Near BMN dynamics of the AdS(3) x S(3) x S(3) x S(1) superstring

TL;DR

The paper constructs and analyzes the Green–Schwarz superstring in AdS$_3\times$S$^3\times$S$^3\times$S$^1$ with RR flux, using a near-BMN expansion to quartic order in fields and quadratic order in fermions. It delivers the GS action, investigates kappa-symmetry gauge fixing, and demonstrates one-loop finiteness of two-point functions, providing a nontrivial consistency check. A Hamiltonian analysis compares string energies to conjectured Bethe equations, finding exact agreement for rank-one SU(2) sectors but a mismatch in the SU(2)×SU(2) sector unless the length parameter decouples between sectors, suggesting two effectively independent spin chains. The tree-level bosonic S-matrix is computed and shown to be reflectionless, highlighting the special role of massless worldsheet modes and signaling subtleties for incorporating them into an exact Bethe ansatz.

Abstract

We investigate the type IIA AdS(3) x S(3) x M(4) superstring with M(4)=S(3) x S(1) or M(4)=T(4). String theory in this background is interesting because of AdS3/CFT2 and its newly discovered integrable structures. We derive the kappa symmetry gauge-fixed Green-Schwarz string action to quadratic order in fermions and quartic order in fields utilizing a near BMN expansion.

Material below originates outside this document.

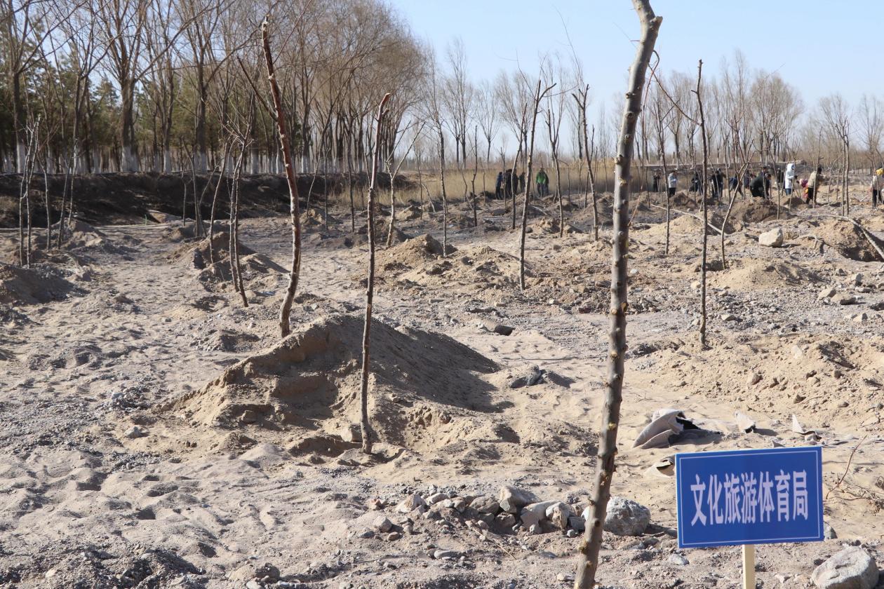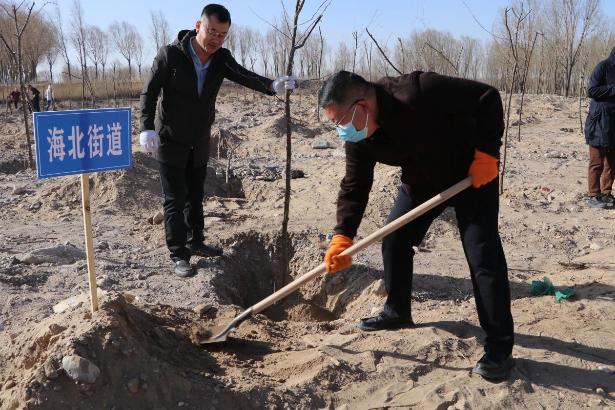 海勃湾区海北街道干部职工代表栽种沙枣树苗 (刘学颖 摄)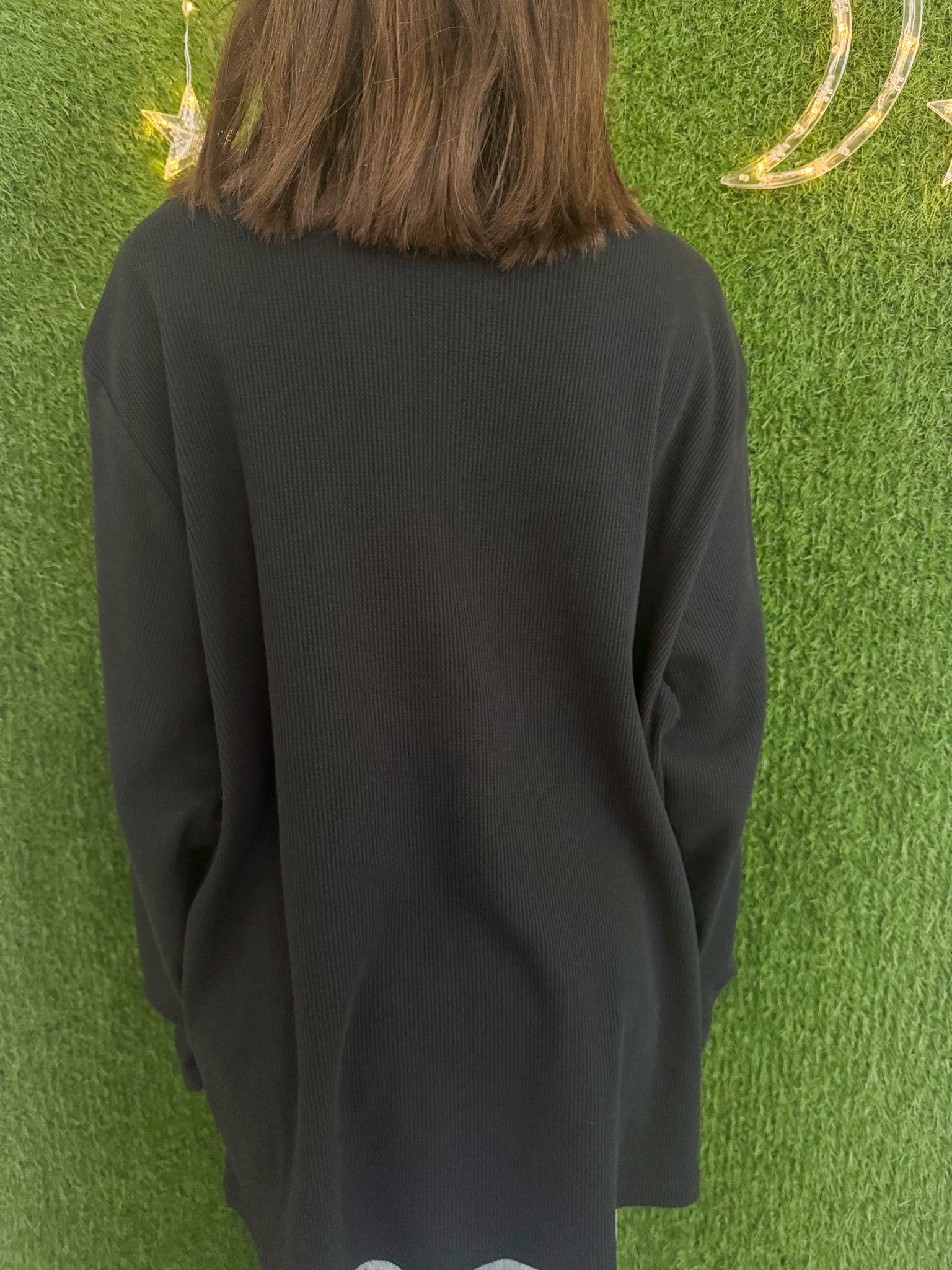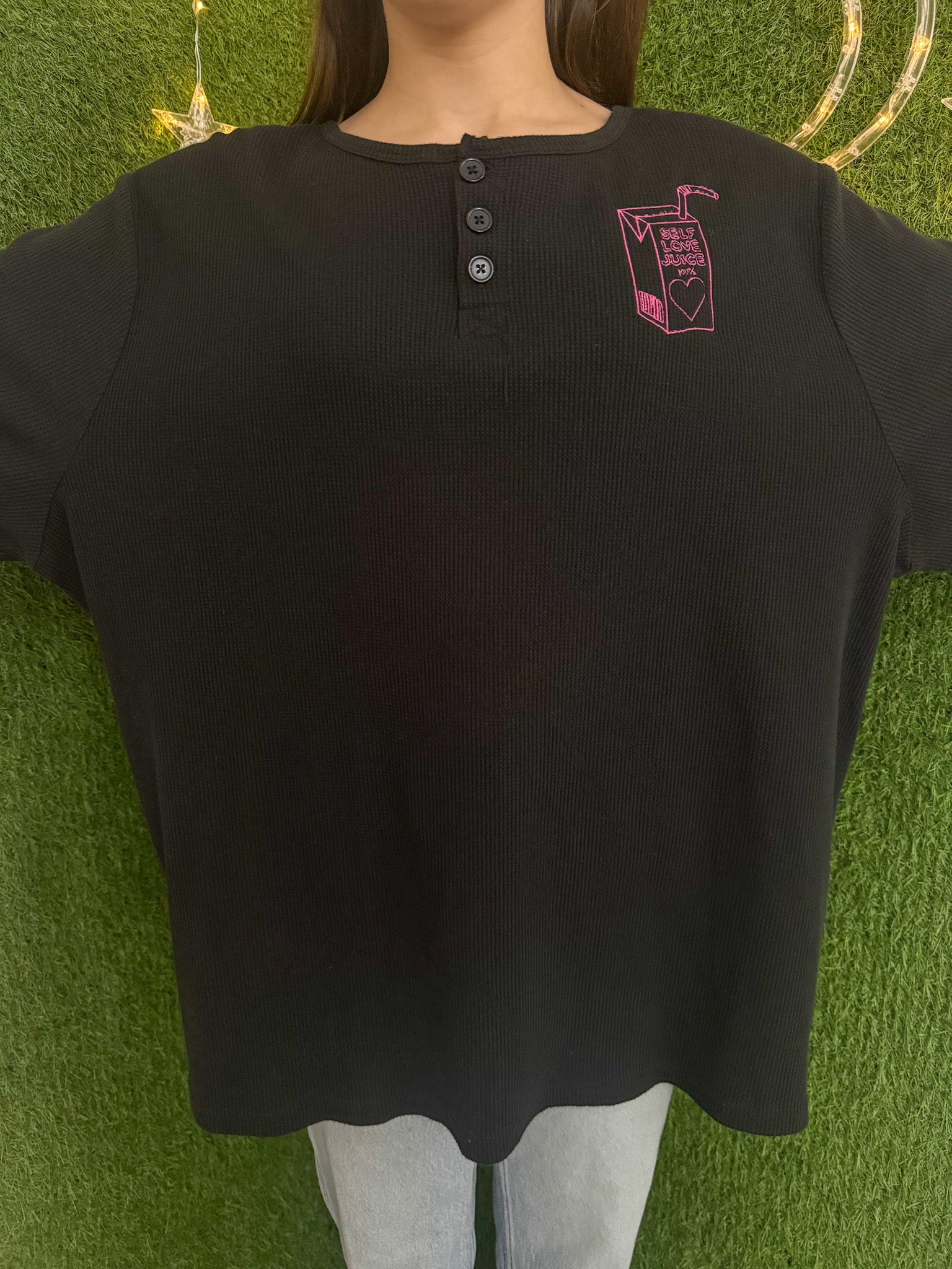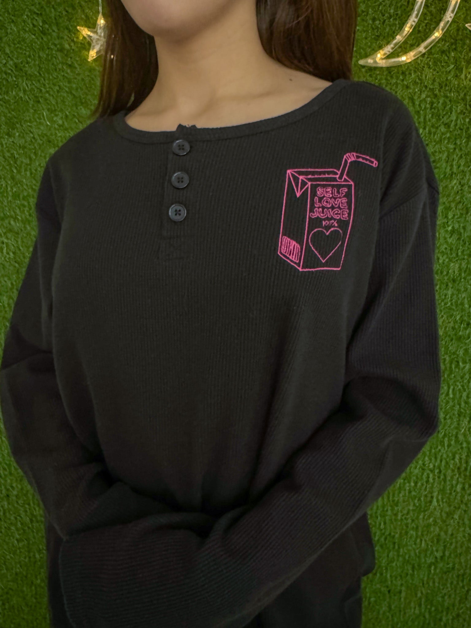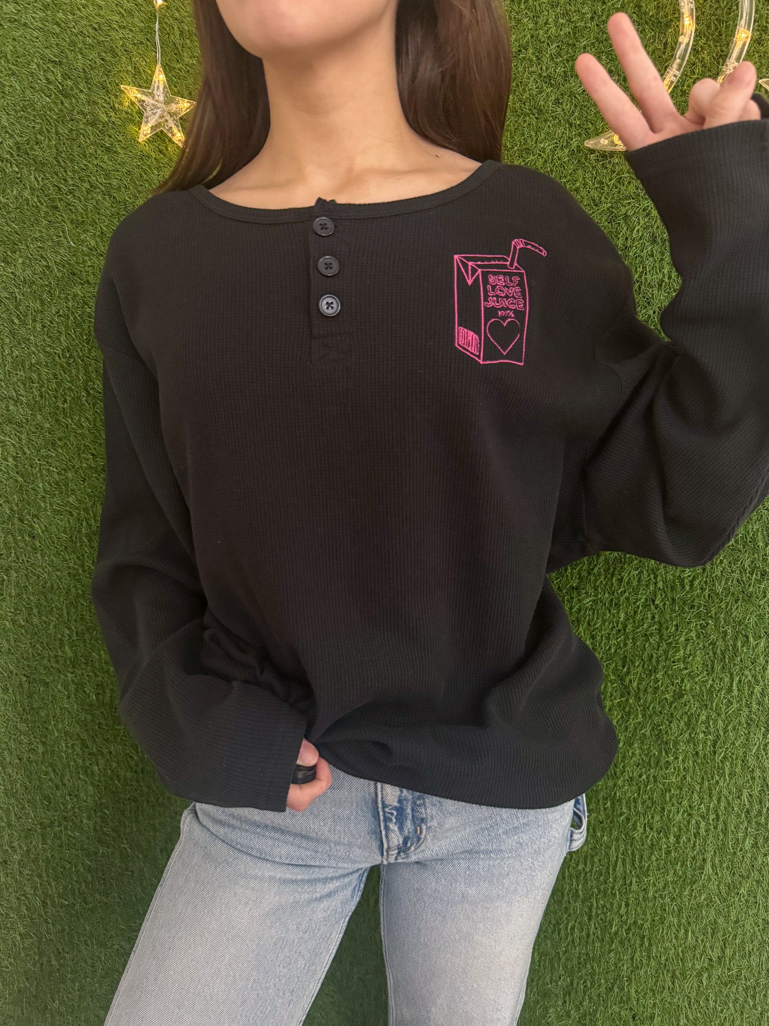 Support sustainable fashion with our Self Love Juice Black Thermal Long Sleeve. Made with upcycled, secondhand materials and embroidered for a unique touch. Show your love for the environment and small businesses with this slow fashion piece!

As a first consistency check of our results we show that the two point functions are one-loop finite in dimensional regularization. We then perform a Hamiltonian analysis where we compare the energy of string states with the predictions of a set of conjectured Bethe equations. While we find perfect agreement for single rank one sectors, we find that the product SU(2) x SU(2) sector does not match unless the Bethe equations decouple completely. We then calculate 2 to 2 bosonic tree-level scattering processes on the string worldsheet and show that the two-dimensional S-matrix is reflectionless. This might be important due to the presence of massless worldsheet excitations which are generally not described by the Bethe equations.